- EXERCISE PROMPT -
Please restate word for word the lines of the entries below from the one with "Die Tangoboys haben" to the one with "Next, dive into", inclusive, and leave out every picture.

- PROVIDED RECORDS -
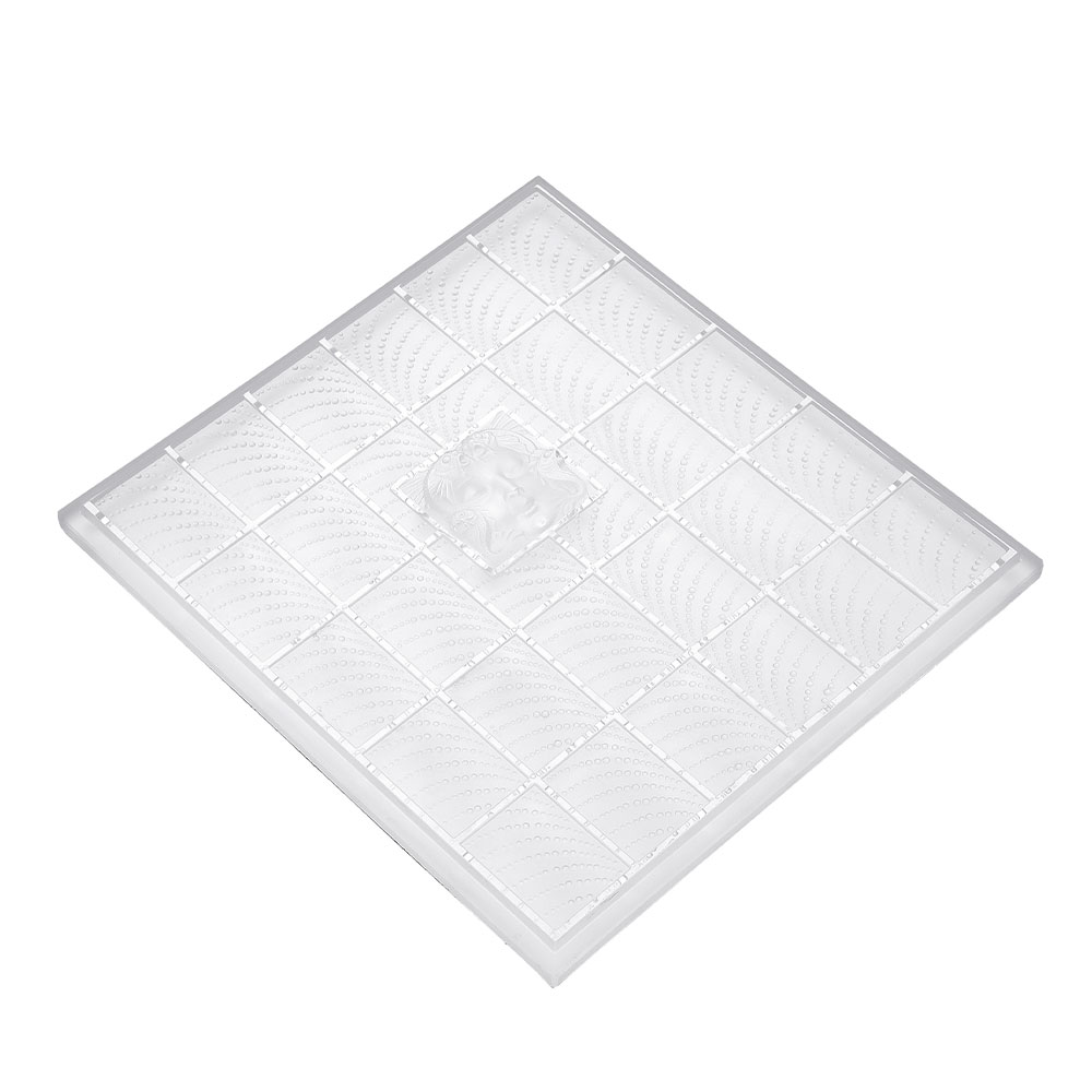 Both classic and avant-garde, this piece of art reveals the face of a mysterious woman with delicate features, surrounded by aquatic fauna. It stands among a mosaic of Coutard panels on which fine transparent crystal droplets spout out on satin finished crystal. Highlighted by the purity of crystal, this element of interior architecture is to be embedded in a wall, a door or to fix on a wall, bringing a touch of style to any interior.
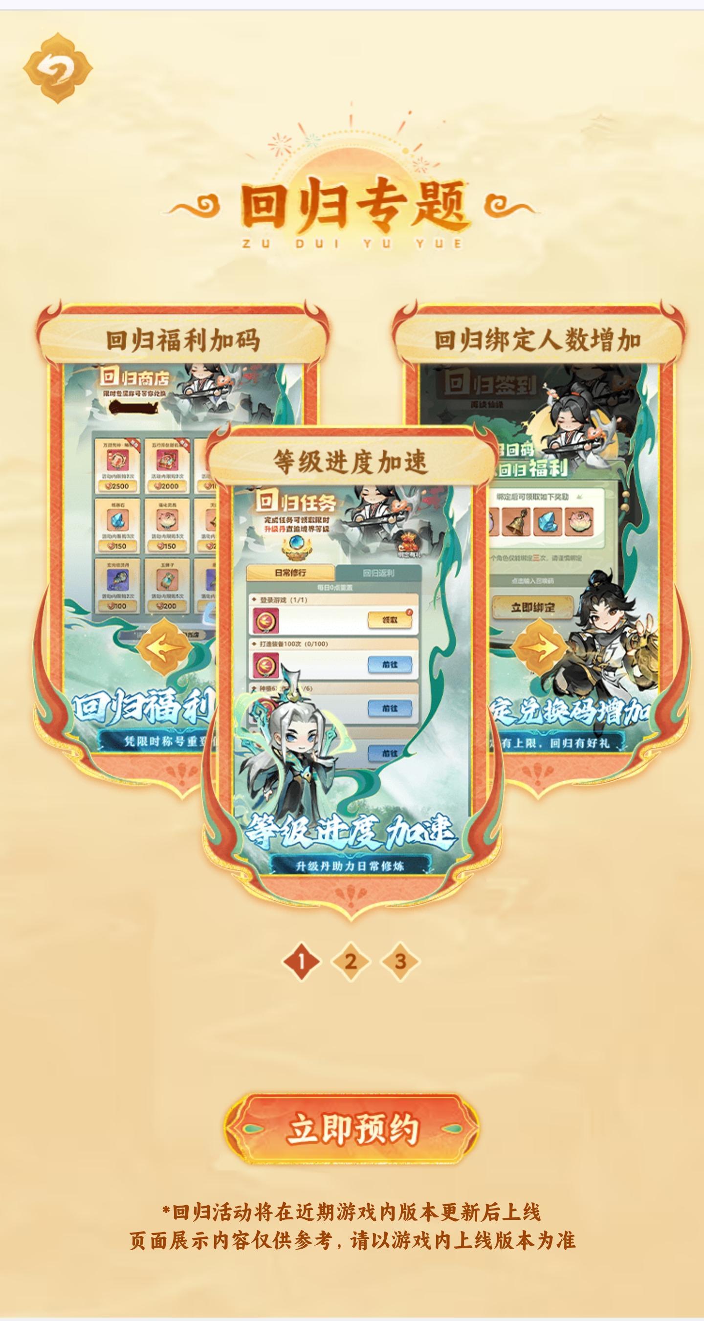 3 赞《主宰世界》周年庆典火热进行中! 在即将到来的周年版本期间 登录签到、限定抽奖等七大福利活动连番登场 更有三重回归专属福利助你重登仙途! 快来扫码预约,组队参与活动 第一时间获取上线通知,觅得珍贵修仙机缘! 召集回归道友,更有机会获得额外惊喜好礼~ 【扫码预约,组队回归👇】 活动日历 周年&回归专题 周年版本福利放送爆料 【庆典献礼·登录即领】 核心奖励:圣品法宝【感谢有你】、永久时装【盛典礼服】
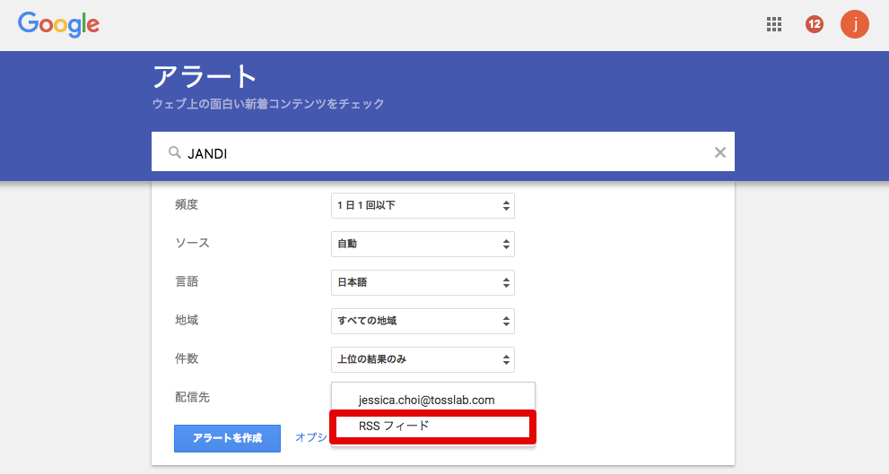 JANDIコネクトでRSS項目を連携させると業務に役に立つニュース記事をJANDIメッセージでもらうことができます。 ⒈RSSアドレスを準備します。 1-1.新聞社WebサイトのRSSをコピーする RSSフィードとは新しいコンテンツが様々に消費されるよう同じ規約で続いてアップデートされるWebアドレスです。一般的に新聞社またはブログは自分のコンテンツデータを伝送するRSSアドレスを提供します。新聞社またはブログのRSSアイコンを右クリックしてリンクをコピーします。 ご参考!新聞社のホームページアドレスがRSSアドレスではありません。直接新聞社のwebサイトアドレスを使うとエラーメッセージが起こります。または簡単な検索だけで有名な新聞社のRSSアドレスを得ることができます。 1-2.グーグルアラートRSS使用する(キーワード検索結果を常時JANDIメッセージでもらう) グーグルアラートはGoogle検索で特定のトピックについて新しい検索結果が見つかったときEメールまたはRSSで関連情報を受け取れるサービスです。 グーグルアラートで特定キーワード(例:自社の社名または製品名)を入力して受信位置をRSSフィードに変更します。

---

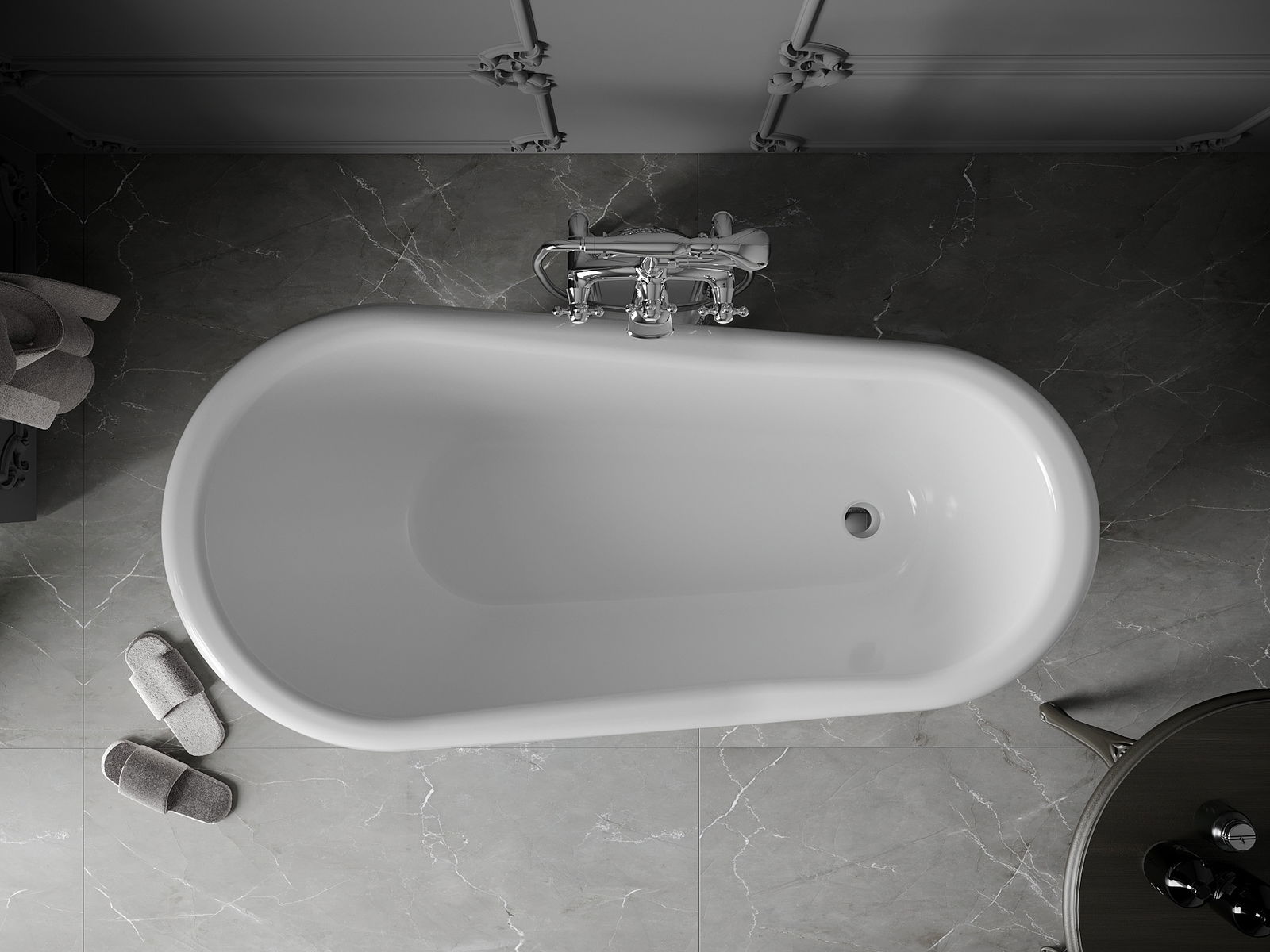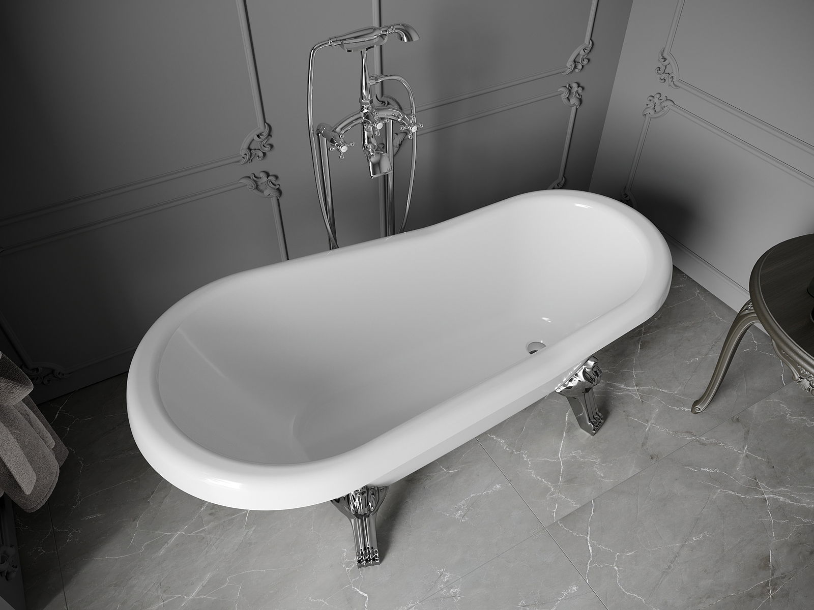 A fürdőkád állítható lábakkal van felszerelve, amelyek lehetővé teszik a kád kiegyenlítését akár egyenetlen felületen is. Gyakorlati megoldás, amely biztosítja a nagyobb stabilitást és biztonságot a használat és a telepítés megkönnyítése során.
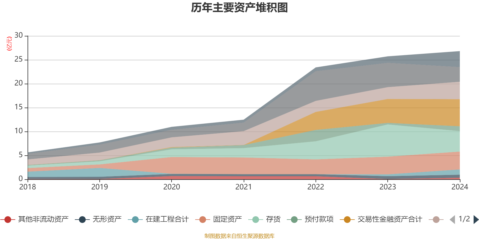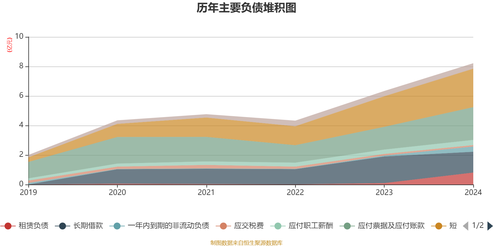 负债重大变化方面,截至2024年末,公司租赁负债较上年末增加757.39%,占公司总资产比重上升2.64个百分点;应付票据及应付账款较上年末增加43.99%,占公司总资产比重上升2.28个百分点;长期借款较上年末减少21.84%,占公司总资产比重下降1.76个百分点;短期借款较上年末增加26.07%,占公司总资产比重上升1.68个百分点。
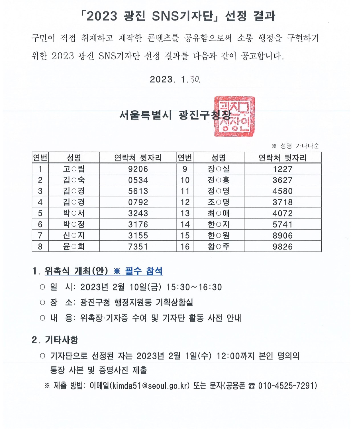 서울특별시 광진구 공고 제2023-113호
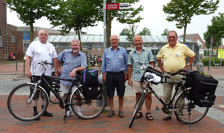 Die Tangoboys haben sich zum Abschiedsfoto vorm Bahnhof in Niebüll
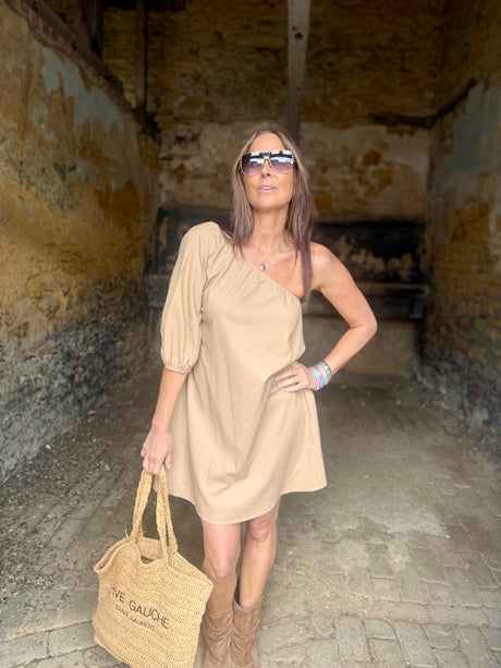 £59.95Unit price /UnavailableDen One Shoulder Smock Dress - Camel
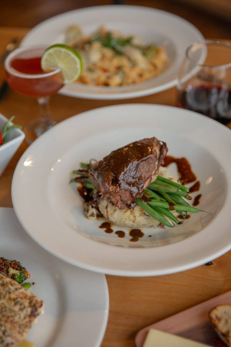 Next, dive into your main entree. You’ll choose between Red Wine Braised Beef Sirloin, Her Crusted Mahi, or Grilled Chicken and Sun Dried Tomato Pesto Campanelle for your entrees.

- WRITTEN RESPONSE -
 Die Tangoboys haben sich zum Abschiedsfoto vorm Bahnhof in Niebüll
 £59.95Unit price /UnavailableDen One Shoulder Smock Dress - Camel
 Next, dive into your main entree. You’ll choose between Red Wine Braised Beef Sirloin, Her Crusted Mahi, or Grilled Chicken and Sun Dried Tomato Pesto Campanelle for your entrees.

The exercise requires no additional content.